Sunday, September 24, 2006

Against which all governments are measured

There's been a lot of discussion over forms of government, which is the best, and which are better than others. A more interesting question, however, is what makes one form of government better or worse than another. With so many vast differences between various forms, it can be difficult to pin down the single factor that most closely ties to "goodness". Many would argue that the factor is freedom, equality, or accurate representation of the beliefs of the populace, but these values represent an obvious bias toward democracy and the enlightenment values from which it derives. I submit that the "best" form of government is defined not by freedom or representation, but by its inherent level of susceptibility to corruption.

The values behind a form of government may determine its agreeability to a particular individual or group, but its corruptibility determines how likely it is to adhere to those values in the real world, when subjected to the rigors of human nature. Dictatorships are generally reviled as the worst form of government, but an incorruptible, benevolent dictatorship could easily create a far better society than the best democracy. The problem with dictatorships is that they endow an individual with absolute power, and as Lord Acton famously stated, "Power tends to corrupt, and absolute power corrupts absolutely."
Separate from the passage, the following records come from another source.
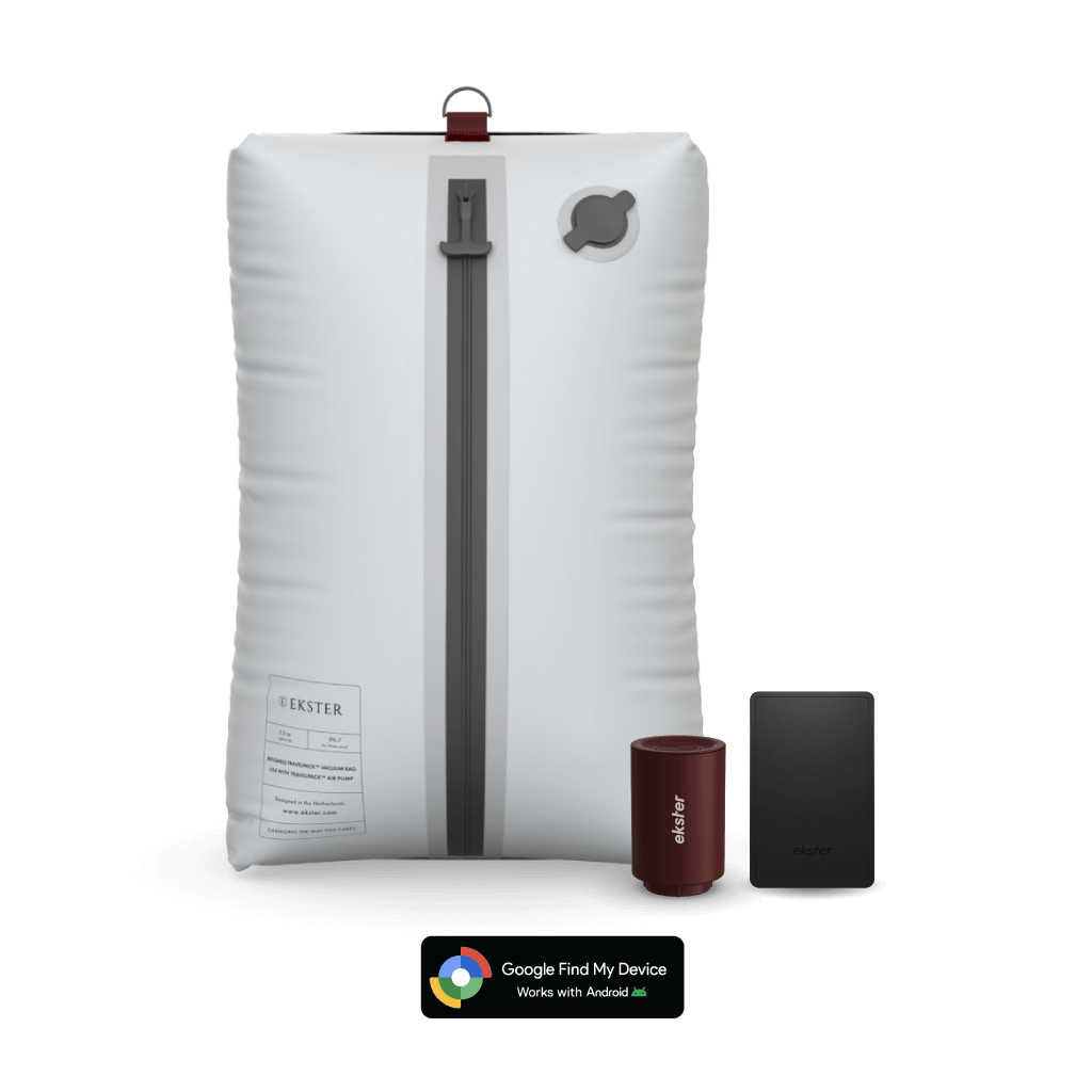 The Ekster TravelPack Vacuum Bags outperform cheap vacuum kits and are better than using no travel vacuum bags. Ekster's vacuum travel bags save packing space, fit in any size travel bag, keep clothes waterproof and odor-proof, and work with a portable air pump or any vacuum cleaner.
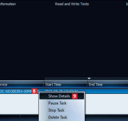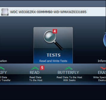 Klicka på TESTS 4 och välj READ 5. Ett lästest kommer att utföras på hårddisken som kommer att visa om det finns några fel på enheten som gör att filer inte kan läsas.
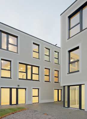Ein Mittelbau markiert die Eingangssituation und verbindet die beiden im 90-Grad-Winkel zueinanderstehenden Gebäudeteile zu der L-Form, die zur Abschirmung des Lärmpegels für die sensiblen Bereiche, wie Schlaf- und Gruppenräume erforderlich war.

But if all power corrupts, why give it to anyone? It would seem that anarchy, which does not grant anyone power over anyone else, would be the least corruptible. Anarchy, though, is not truly an absence of government, but rather is individual self-rule for every individual. It's a billion tiny dictatorships struggling for resources. Now, while this would preclude all but the most masochistic from being abused by their own government, human nature desires power, and alliances would begin to form among the micro-nations creating gangs and eventually leading to mob rule, a de facto government born of the corruption of the ideal of anarchism. In this way, anarchism is like laissez faire capitalism with power as capital -- the rich get richer and the poor get poorer.

Similarly, alliances and power blocs can form within a direct democracy, and groups can be influenced through propaganda and strong-arm tactics as well as mutual protection schemes like the alliances on Survivor. This decentralization of power does, however, have the advantage over representative democracy that corruption requires direct support from a plurality of voters, rather than simply a few politicians with the ability to conceal their corruption.
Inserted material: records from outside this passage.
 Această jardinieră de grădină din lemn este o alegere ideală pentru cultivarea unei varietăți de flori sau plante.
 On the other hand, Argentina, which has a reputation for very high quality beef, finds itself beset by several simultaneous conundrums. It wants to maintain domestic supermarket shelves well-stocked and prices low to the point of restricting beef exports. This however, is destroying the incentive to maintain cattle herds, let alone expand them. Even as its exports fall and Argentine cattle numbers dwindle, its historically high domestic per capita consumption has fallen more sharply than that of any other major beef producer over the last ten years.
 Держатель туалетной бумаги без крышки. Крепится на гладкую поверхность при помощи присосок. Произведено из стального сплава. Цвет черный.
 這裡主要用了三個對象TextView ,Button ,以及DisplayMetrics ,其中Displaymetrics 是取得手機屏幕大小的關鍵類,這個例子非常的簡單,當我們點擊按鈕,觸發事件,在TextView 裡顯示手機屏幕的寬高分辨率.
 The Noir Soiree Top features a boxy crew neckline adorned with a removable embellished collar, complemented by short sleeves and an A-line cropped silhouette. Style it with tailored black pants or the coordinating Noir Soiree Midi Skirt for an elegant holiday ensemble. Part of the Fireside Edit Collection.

A theocracy is arguably the most corruptible, because while it claims to be under the rule of a deity, power is actually concentrated with the leaders of the religion who purport to speak for that deity, but who are as susceptible to human nature as anyone else. In a society fanatical to install a theocracy, this would mean unchecked power for those leaders, and the ability to put down any dissent without reproach. This fact, more than their inherent conservatism and rejection of enlightenment values like freedom of religion, makes theocracy a bad form of government.

An interesting means of discouraging corruption is illustrated in one of the multiple story arcs in Ambrosia Software's Escape Velocity: Nova. In this game, there is a race known as the Polarans, who have a strict caste system in which the Mu'hari caste, who among other duties serve as judges, juries and prosecutors, are considered the most disgraceful of all castes and must render assistance to any other Polaran in any way asked. Passing judgement on ones peers is considered the ultimate punishment. This also parallels my own experience as moderator in internet forums, where moderators were encouraged to think of themselves more as janitors than as police officers.
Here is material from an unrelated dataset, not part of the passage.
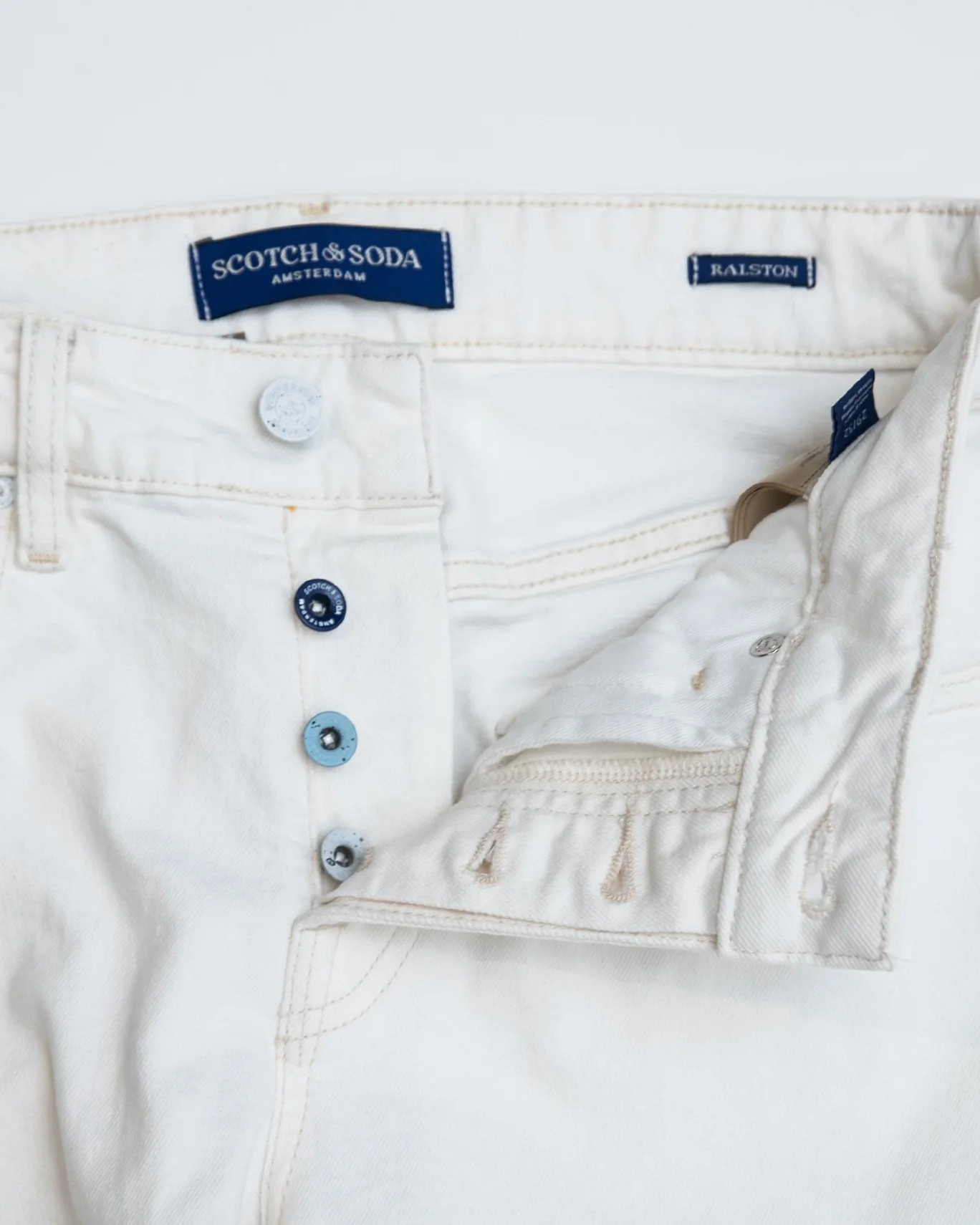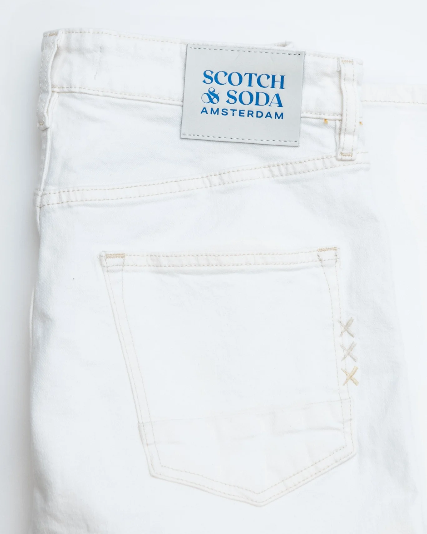 Pantalón de la marca Scotch & Soda en color blanco, modelo Ralston de entretiempo.

If corruption is what makes a government bad, and government by definition has a level of power that promotes corruption, then it is the ability to keep corruption in check that makes a system of government good. This means that a good government must provide a framework for the public, possibly in addition to the government itself, to limit the government's power and keep its members accountable for their actions. Government transparency and freedom of speech, and particularly of the press, create accountability. If the government is corrupt, it will lose support and, in the absence of a means of replacing officials as provided by democracy, will ultimately be overthrown. Likewise, religious freedom is beneficial to prevent the use of fanaticism to mask corruption. Concepts like term limits and separation of powers with checks and balances are also designed to limit the effectiveness of corruption. The less centralized power is, the more obstacles it must overcome.

What is the best form of government that exists today? Probably some flavor of democracy, but it will never be perfect until corruption can be prevented entirely.